As of NeatSeq-Flow version 1.3.0, you can pass project-wise files, such as reference files, through the sample file. This is done as above for the sample data, in a separate table with the following structure:

#Type       Path

For example, a project file section could look like this:

#Type       Path
Nucleotide  /path/to/reference.fasta
Protein     /path/to/reference.faa
# This is a comment line

The same file types that can be used in the Sample files section, can also be used in the project files section.

Warning

Project files in the sample file is an experimental feature, and should be used with caution. See merge documentation for details on how to import various types of sample files.

Attention

Up to NeatSeq-Flow version 1.2.0, the sample file can only contain sample files. No project files are permitted.

  • If you have project files, create a single sample which will represent your project.
  • If you have mainly sample files, such as fastq files, and some project level files such as reference genomes, pass them to the modules through the parameter file.

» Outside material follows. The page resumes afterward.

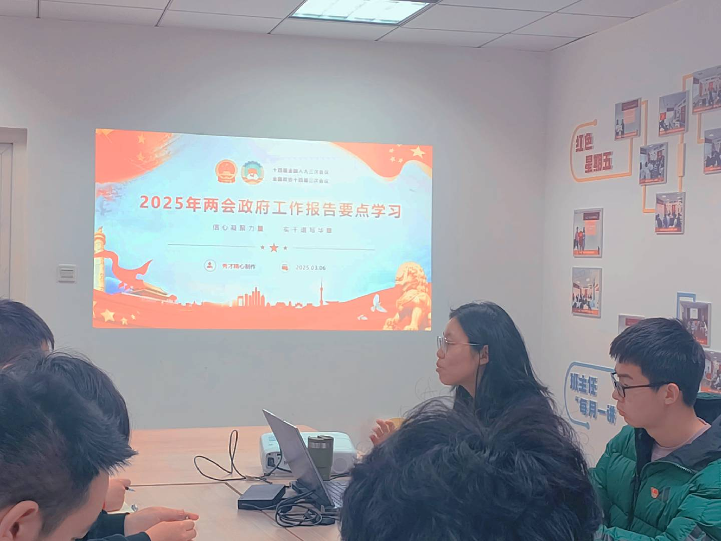 活动开始,支部书记官梓老师首先向大家介绍了本次活动的具体安排和重要意义,强调全国两会对党员干部提升政治素养的重要性,随后带领支部成员解读政府工作报告要点,深入讲解两会精神的核心要义、丰富内涵和实践要求,帮助党员更好地理解和把握两会精神。

ChIP-seq specific definitions

For ChIP-seq experiments, one must define ChIP and Control (‘input’) pairs. This is done in the following manner (in the sample file):

Sample_Control        anti_sample1:input_sample1
Sample_Control        anti_sample2:input_sample2

Just replace anti_sample1 and input_sample1 with the relevant sample names.

Executing NeatSeq-Flow

Executing NeatSeq-Flow is the simplest step in the workflow (make sure python and neatseq_flow.py are in your search path):

python neatseq_flow.py                      \
    -s sample_file.nsfs                     \
    -p param_file1.nsfp,param_file2.nsfp    \
    -m "message"                            \
    -d /path/to/workflow/directory

Comments:

  • NeatSeq-Flow does not require installation. If you have a local copy, append the full path to neatseq_flow.py.
  • You can pass a comma-separated list of parameter files. NeatSeq-Flow concatenates the files in the order they’re passed. Make sure there are no conflicts or duplicated definitions in the files (this occurs mainly for global parameters)
  • Alternatively, you can pass many parameter by specifying more than one -p.
  • It is not compulsory to pass a message via -m but it is highly recommended for documentation and reproducibility.

Executing the workflow

The workflow can be executed fully automatically; on a step-by-step basis or for individual samples separately.

Automatic execution

Execute the following command within the workflow directory:

csh scripts/00.workflow.commands.csh

The scripts/00.workflow.commands.csh script runs all the steps at once, leaving flow control entirely to the cluster job manager.

Step-wise execution

Each line in scripts/00.workflow.commands.csh calls a step-wise script in scripts/, e.g. scripts/01.merge_merge1.csh, which contains a list of qsub commands executing the individual scripts on each sample.

The following command will execute only the merge1 step:

qsub scripts/01.merge_merge1.csh

Sample-wise execution

The individual sample-level scripts are stored in folders within scripts/. e.g all merge1 scripts are stored in scripts/01.merge_merge1/. To execute the step only for a specific sample, execute the relevant script from within the individual script folder.